FIG. 2. — (A) Time course of mRNA TNF-α isolated from human peripheral monocytes. Cells were stimulated with different components of *P. aeruginosa*. Monocytes (∼10⁷) were challenged with either 5 μg of *E. coli* LPS/ml (▴) as a control or with 5 μg of *P. aeruginosa* LPS/ml (○), 50 μg of *P. aeruginosa* slime GLP/ml (⧫), or 10⁸ viable *P. aeruginosa* cells (×), as described in Materials and Methods. Results are representative of four independent experiments. (B) Differential induction of TNF-α mRNA after treatment of human monocytes with (left to right) medium, 5 μg of *E. coli* LPS/ml, 5 μg of *P. aeruginosa* LPS/ml, 50 μg of *P. aeruginosa* slime GLP/ml, or 10⁸ *P. aeruginosa* viable cells. After 2 h of stimulation, monocytes were lysed and tested for levels of TNF-α mRNA as described in Materials and Methods.
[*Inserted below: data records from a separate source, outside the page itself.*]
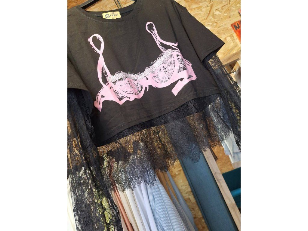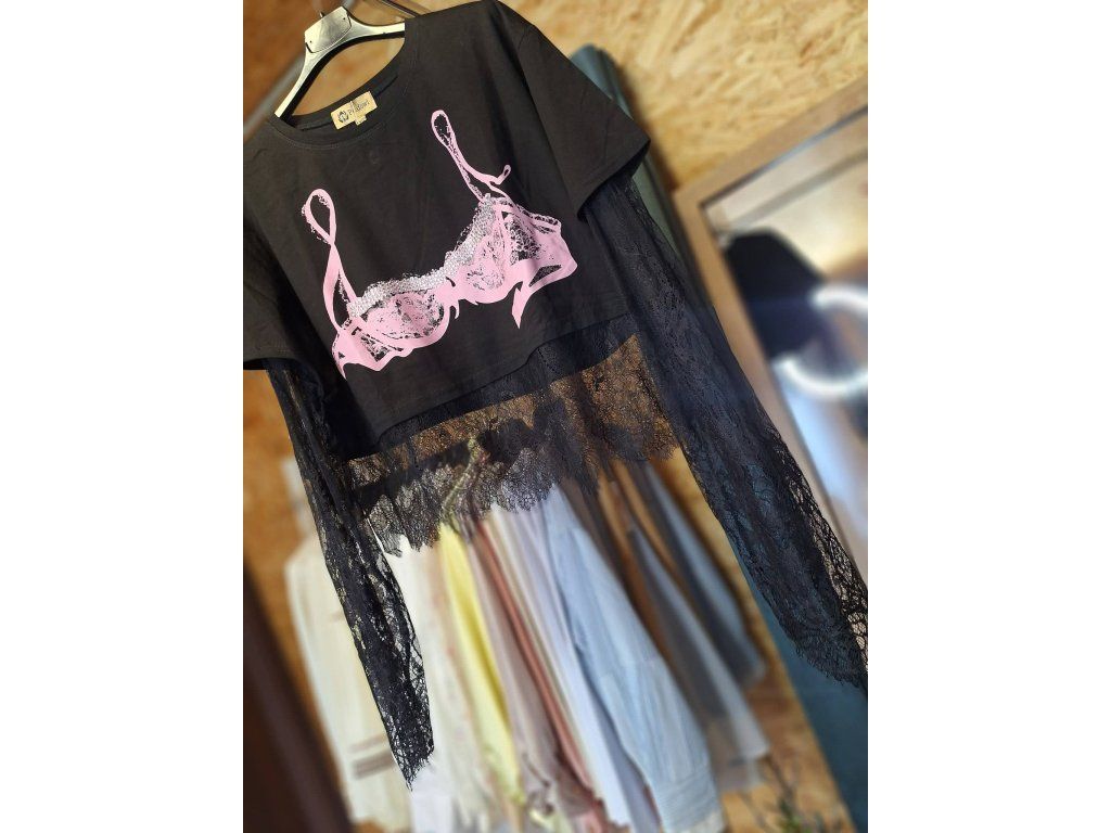 Top v černé s růžovým a kamínky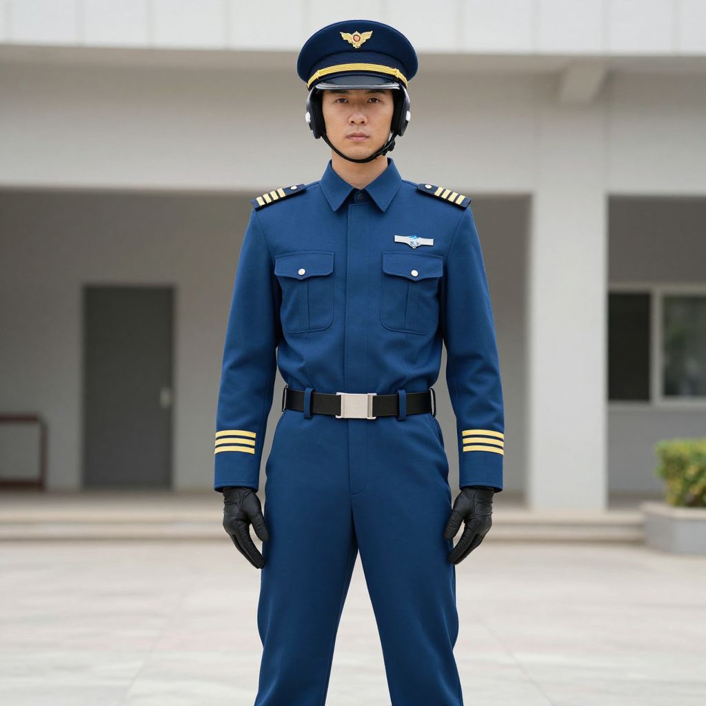Blue Squadron Pilot Costume, man in a blue uniform and helmet standing in front of a building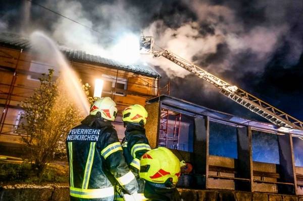 Fünf Feuerwehren bei Dachstuhlbrand an einem Wohnhaus in Neukirchen an der Enknach im Einsatz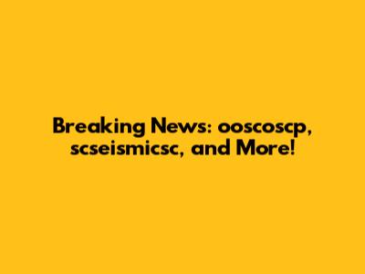 Breaking News: Ooscoscp, Scseismicsc, And More!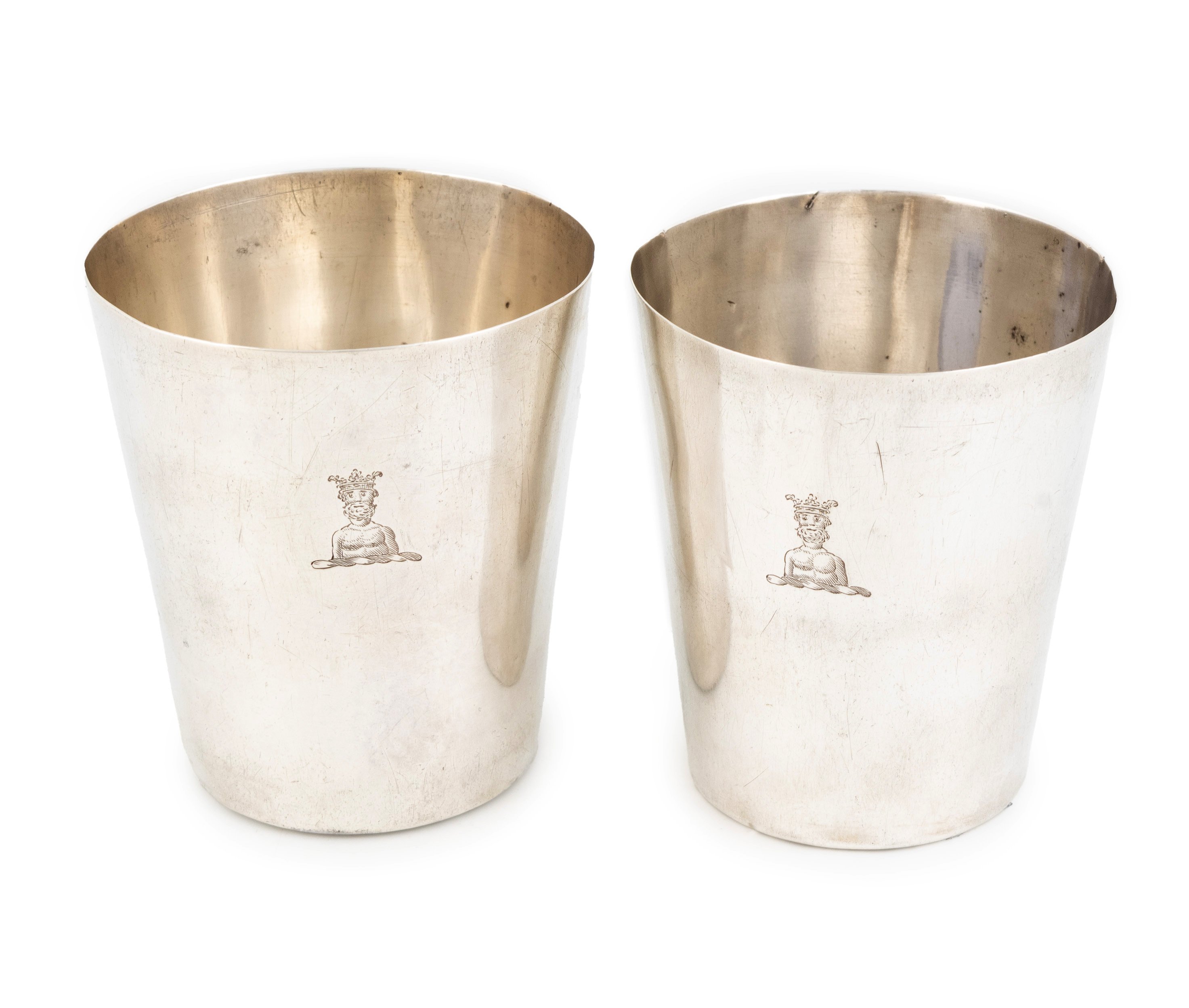 tapering circular form, engraved with a crest, heights 8.2cm and 8.3cm, approx. weight 5.5oz. (2)

Results represent means ± standard deviations for three different experiments. * and **, P < 0.002.

Because the mRNA level induced by slime GLP paralleled that of the proteins, it is conceivable that slime GLP stimulates TNF-α production by regulating transcription and/or the mRNA stability of TNF-α.

P. aeruginosa slime GLP induces NF-κB-dependent transcription.

To further elucidate the mechanism(s) by which slime GLP induces the transcriptional activation of the TNF-α gene in peripheral human monocytes and THP-1 cells, we measured the nuclear translocation of two transcriptional activator complexes, NF-κB and AP-1, in response to GLP treatment. Treatment of macrophages with LPS or pharmacologic agents such as phorbol diesters is known to induce NF-κB and AP-1 nuclear translocation. Both NF-κB and AP-1 are involved in the regulation of many genes encoding cytokines and cytokine receptors. To determine their role in TNF-α transcription induced by P. aeruginosa LPS and slime GLP, we performed gel shift assays on nuclear extracts from fresh human monocytes or differentiated THP-1 cells. Cells were stimulated with P. aeruginosa LPS, P. aeruginosa slime GLP, E. coli LPS, and viable P. aeruginosa cells for the indicated time points. In vitro binding assays were performed using the consensus sequence for NF-κB from immunoglobulin G κ.

LPS from E. coli and P. aeruginosa induced NF-κB binding activity in fresh human monocytes. The induction started at 0.5 h and lasted 24 h (data not shown). Interestingly, P. aeruginosa slime GLP caused a much higher induction (fivefold higher) than the corresponding LPS of NF-κB binding activity, comparable with that of E. coli LPS or viable P. aeruginosa cells (Fig. 3). The sequence specificity of the binding was assessed by using a 50-fold molar excess of homologous and heterologous nucleotides as competitors.

FIG. 3. — Activation of NF-κB in response to different components of *P. aeruginosa*. NF-κB activation was measured by EMSA using radiolabeled oligonucleotide encompassing the NF-κB consensus motif. Human monocytes were stimulated with either 5 μg of LPS/ml, 50 μg of slime GLP/ml, or 10⁸ whole viable *P. aeruginosa* bacteria (10 bacteria/monocyte) for 2 and 6 h. Untreated cells were used as negative control, while 5 μg of *E. coli* LPS/ml was used as a positive control. Nuclear extracts and EMSAs were performed as indicated in Materials and Methods. The specificity of the DNA binding was assessed by preincubating extracts (5 μg) with unlabeled specific NF-κB or unspecific SP-1 competitor oligonucleotide at a 50-fold molar excess.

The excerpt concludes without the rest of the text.